¿Culpables?
A menudo se habla (clínicamente) de los desempleados. De los que son expulsados del mercado de trabajo como los vómitos más agrios de la crisis. Pero junto a ellos están además los que no tuvieron empleo nunca. Esa legión de miles, uno a uno, que se acercan a las murallas y no entran.El ocio moderno ¿Qué cosa es eso para el que nunca conoció el trabajo? Los despedidos viven como seres condenados, y aquéllos que nunca accedieron al empleo, como presuntos culpables cuyo juicio ha sido trasladado a un día sin fecha. Todos son reos. Pero los jóvenes que ambulan mes tras mes en la periferia del sistema no tienen siquiera la condición de "procesados". Su masa carece de valor y su energía cotizable es igual a cero. Dan su ficha en las oficinas de colocación y sienten que su nombre, repetido una y otra vez, no se convierte en algo más nítido y real sino, por el contrario, en un enunciado borroso que tiende, progresivamente, hacia un testimonio de la nada. No tienen valor, no tienen precio. Pero nadie puede vivir y acarrear su nombre como una cáscara bajo la cual todo es vacío.

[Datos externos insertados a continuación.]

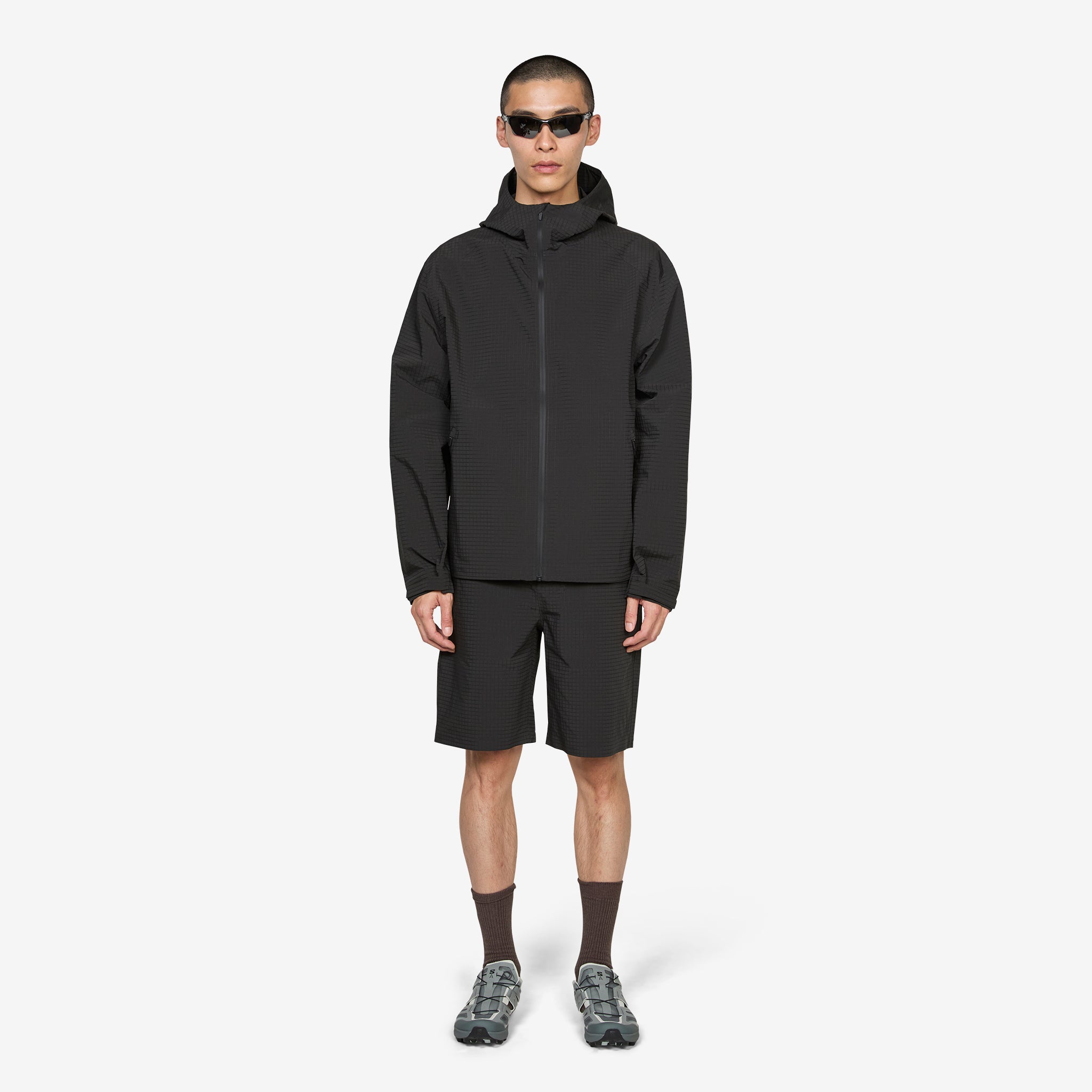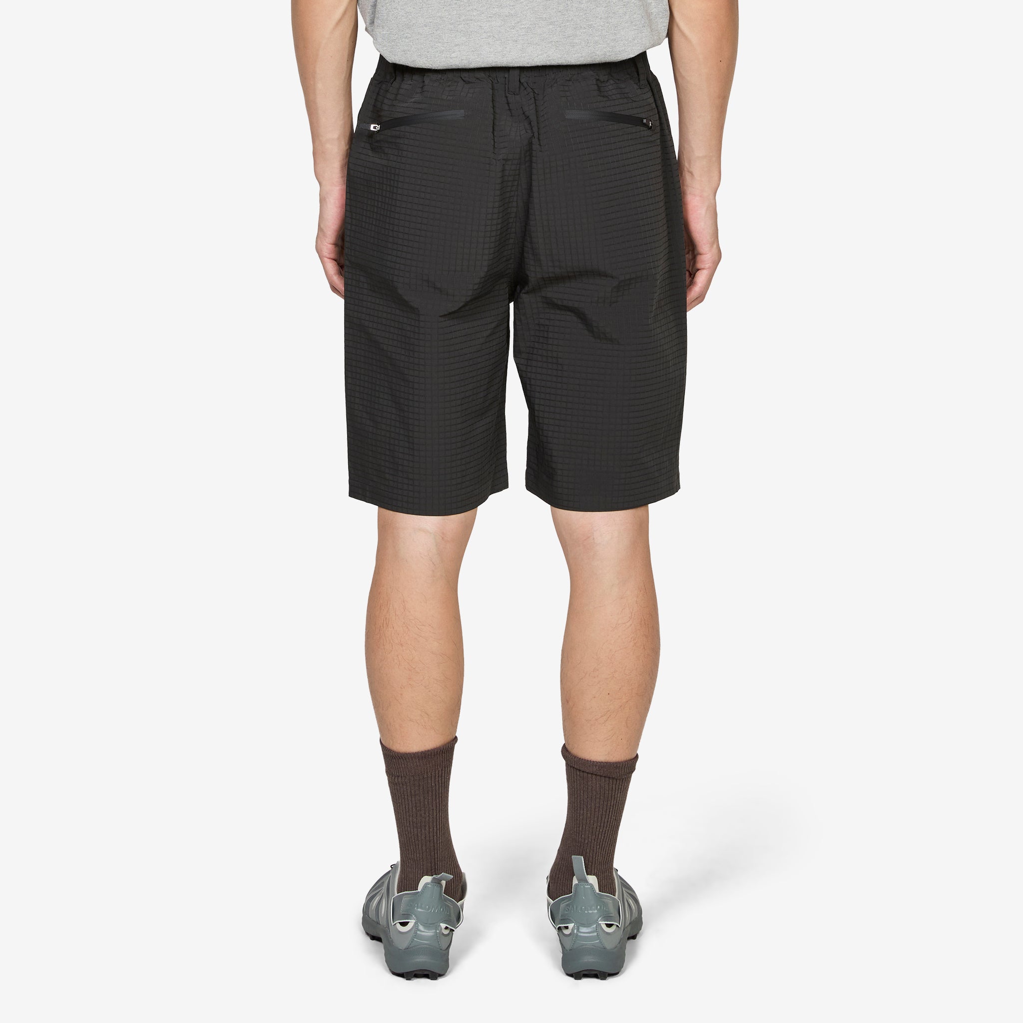 Waypoint Ripstop Shorts in Charcoal Black from Hiking Patrol. Regular fit shorts with a straight-leg silhouette, zip fly with metal snap closure, and elasticated belt loop waistband. Crafted from a lightweight water-resistant jacquard ripstop nylon fabric in an unlined construction. Finished with zip-closure side and rear pockets.

La pertinencia de vivir incluye, en un punto al menos, la necesidad de ser alguna vez solicitado. Y así, todo el itinerario del parado consiste en esa persecución: recorrer los espacios y promover incansablemente, promover mil veces, la oportunidad de ser llamado. Entregar su nombre, repartirlo por doquier, para que acaso en una ocasión y desde un punto feliz su nombre sea pronunciado.
Pero el mercado no emite esa palabra. Toda la nómina se encuentra al colmo y el mercado tiene la boca atorada de su mismo vómito. No llama, no nomina, y su extrema clausura persuade gradualmente al parado de la desmesura de su demanda. Más aún: en un paso posterior, lo convence de su culpa. El parado es, además de engreído, injusto: no sólo ignora que no vale nada; insiste además sobre su soñado valor.
Día a día, los que fueron lanzados a las afueras y todos aquellos que jamás consiguieron entrar, se hacen consistentes con su lacra. Y así, un odio creciente, cargado de fiebre y de tragedia, tan incurable como el tamaño de su enfermedad, llena el mundo de engorrosos desdichados sin marca.